DocumentationBlog

Streaming protocol

Apibara defines a streaming protocol that nodes implement to communicate with each other.

A node is a process that streams data from one or more input streams to produce one output stream. It communicates with the application to transform and combine input messages into new outputs messages. The node handles storing messages and streaming them to other nodes that request them.

An application is a process that, for each input message received, produces zero or more output messages. Applications can be implemented in any programming language, in that case they communicate with the node through the gRPC application protocol. Applications can also be implemented in Rust and run as a task inside the node.

The diagram belows shows that an Apibara node is comprised of a core component that handles streaming connections and storage, and the application (implemented with one of the provided SDKs) that transforms messages.

ā€Ž
^ +-------------------+ ^
| | | |
| | Application | | Apibara SDK
| | | |
| +-------------------+ v
| +-------------------+ ^
| | | |
Apibara Node | | Storage | |
| | | |
| +-------------------+ | Apibara Core
| | | |
| | Streaming | |
| | | |
v +-------------------+ v

Streaming data#

In this section we provide an high-level overview of the data streaming through the protocol. The next section contains the lower-level details that are useful for developers that want to contribute a new SDK.

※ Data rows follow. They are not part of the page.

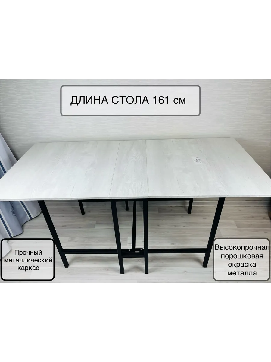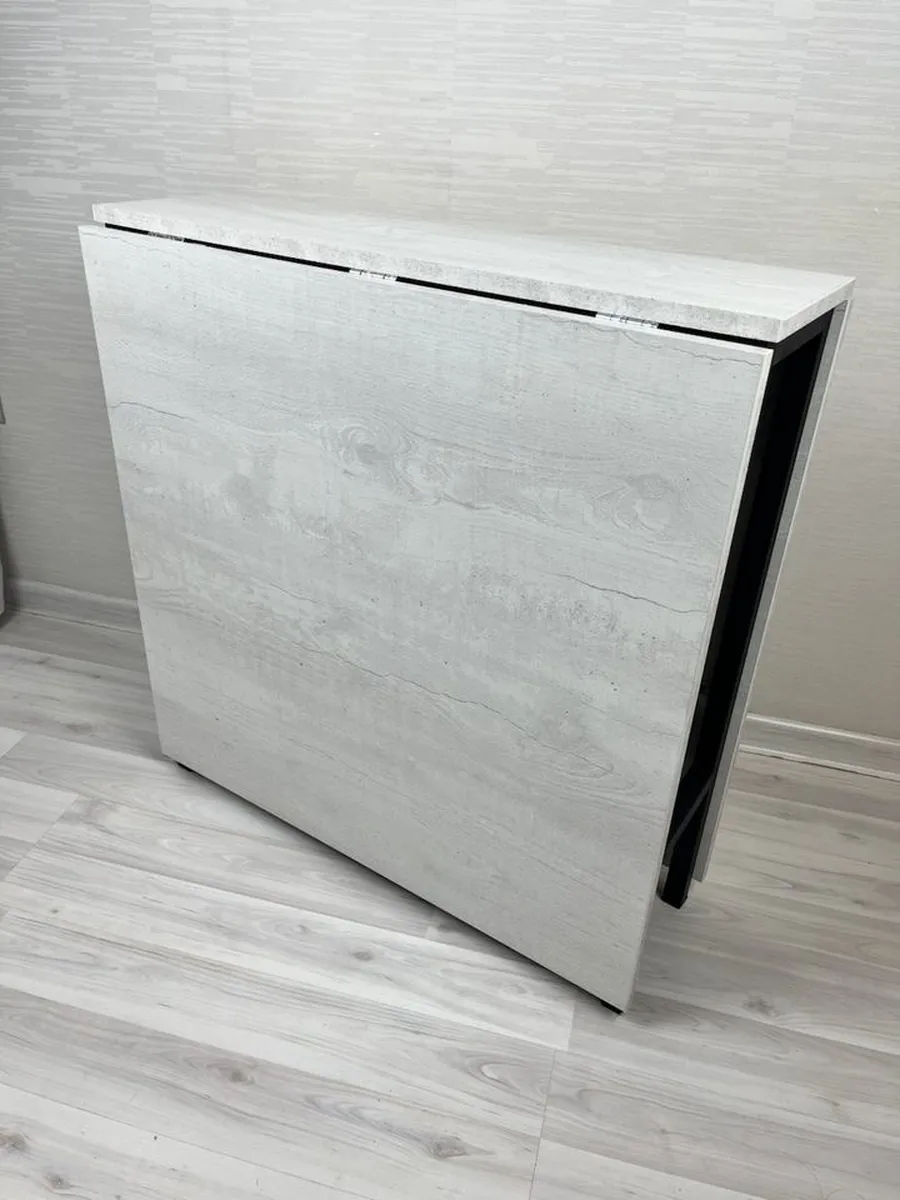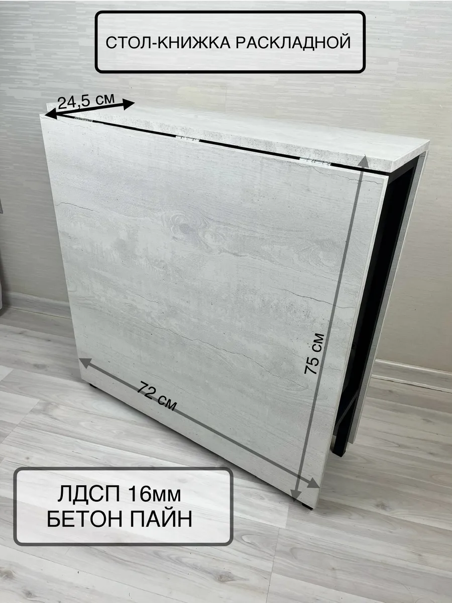 Стол-книжка раскладной, столешница ЛДСП 16 мм, высокое качество, цвет столешницы Белый Бетон Пайн, богатая текстура дерева, каждый рисунок уникальный, прочный, надёжный и устойчивый металлический каркас, цвет каркаса чёрный, высокопрочная порошковая окраска металла.
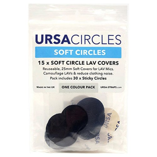 The URSA Soft Circles + Stickies are used to cover the microphone and stick it under the clothes. The 2.54 cm URSA Circles are made of soft and stretchable material to easily cover the Lavalier microphone. These circles are then stuck to the sticky circle adhesive for a firm grip. The Black Soft Circles are reusable, discreet, and minimise the clothing noise. They also protect from wind noise and
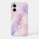 Pretty Personalized Abstract Marble Pink Purple iPhone 16 Case
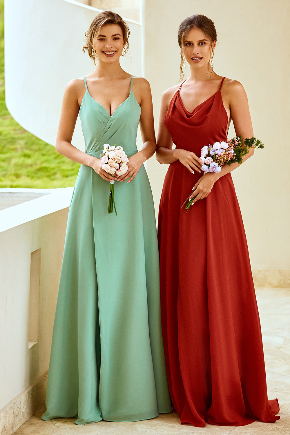Rust Red Spaghetti Straps Long Bridesmaid Dress
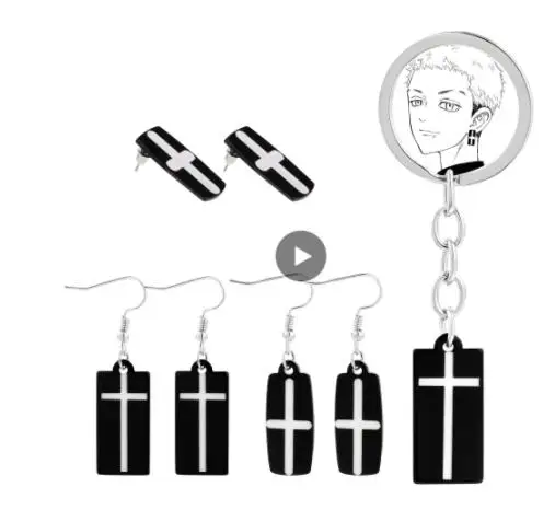 Серьги с аниме Токио, Мстители Токио, мицуя Такаси, ожерелье, брелок, простой крест, мультяшный персонаж, аксессуары
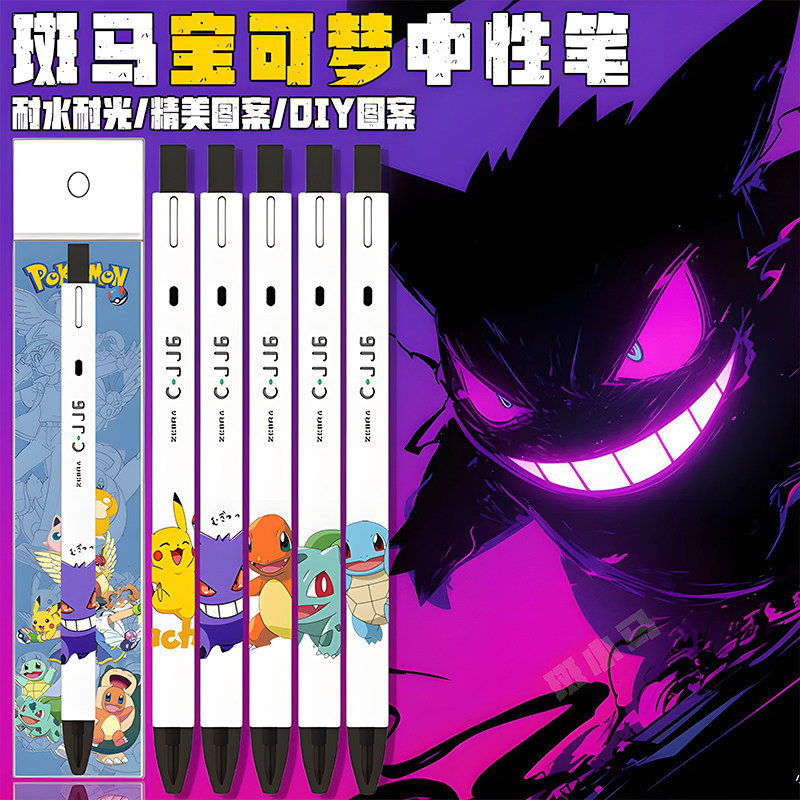 日本ZEBRA斑马宝可梦CJJ6DIY贴纸款耿鬼皮卡丘学生按动考试中性笔

There are two types of messages in the protocol. Data: messages carry new information, for example a new chain block. The streaming protocol is agnostic over the data carried by Data messages, clients should use the reflection service to get the Protobuf definition of the data from each input node.

message Data {
uint64 sequence = 1;
google.protobuf.Any data = 2;
}

Invalidate messages invalidate all messages after the specified message.

message Invalidate {
uint64 sequence = 1;
}

At the core of the protocol is the concept of sequence number:

  • The first message in the stream must be a Data message with sequence 0.
  • Subsequent Data messages must have sequence number immediately following the preceding Data message (message 2 must be followed by message 3, and so on).
  • Invalidate messages reset the stream state. The next Data message must have the same sequence number as the Invalidate message.

If any input stream breaks any of these rules, the node must stop indexing and report the error to the node operator.

The protocol in detail#

A node implementing the Apibara streaming protocol must implement the following services:

  • apibara.node.v1alpha1.Node: the node protocol, more information about it below,
  • grpc.reflection.v1alpha.ServerReflection: gRPC reflection is used to improve developers experience by providing a standard way to access the stream type. Nodes are required to implement it.

The apibara.node.v1alpha1.Node service is defined as:

service Node {
rpc Status(StatusRequest) returns (StatusResponse);
rpc Connect(ConnectRequest) returns (stream ConnectResponse);
}

Status method#

The status method is used to retrieve information about the node syncing status. The request and response type are:

message StatusRequest {
}
message StatusResponse {
oneof message {
SyncingStatus syncing = 1;
SyncedStatus synced = 2;
NotStartedStatus not_started = 3;
}
}

The StatusRequest message is intentionally empty, future versions of the protocol can add fields to it.

The StatusResponse message must contain one of three distinct messages, depending on the node's sync status.

SyncingStatus

The node is not fully-synced yet, data should not be considered "live". The message also contains the syncing status of each individual node's input stream.

// Node is syncing with their sources.
message SyncingStatus {
// The latest sequence number.
uint64 sequence = 1;
// The syncing status of each input.
repeated InputSyncingStatus inputs = 2;
}
// Syncing status of the node's input.
message InputSyncingStatus {
// Latest sequence number.
uint64 head = 1;
// Latest indexed sequenced number.
uint64 indexed = 2;
}

SyncedStatus

The node is fully synced, data streamed from the node is "live".

// Node is fully synced.
message SyncedStatus {
// The latest sequence number.
uint64 sequence = 1;
}

NotStartedStatus

The node has not started syncing yet. This message is usually returned in the few seconds after starting the node for the first time.

// Node didn't start syncing.
message NotStartedStatus {
}

Connect method#

The connect method is used to start streaming messages out of the node.

The ConnectRequest message specifies from which sequence number to start streaming data.

message ConnectRequest {
uint64 starting_sequence = 1;
}

Each of the ConnectResponse messages contain one of the two message types (Data or Invalidate) described at the beginning of this page.

message ConnectResponse {
oneof message {
Invalidate invalidate = 1;
Data data = 2;
}
}

The stream will run indefinitely, until the client disconnects from it.

Source nodes#

Source nodes are nodes that produce messages by ingesting external sources, for example blockchain data.

The job of a source node is to efficiently ingest blockchain data and pre-process it so that it can be streamed by other nodes.

Source nodes are not limited to web3 data, they can ingest web2 (or off-chain) data as well. For example, developers can implement a source nodes that transform HTTP POST requests into stream messages. This pattern is extremely useful when building applications that combine web3 and web2 data, nodes can safely replay HTTP requests on new deployments.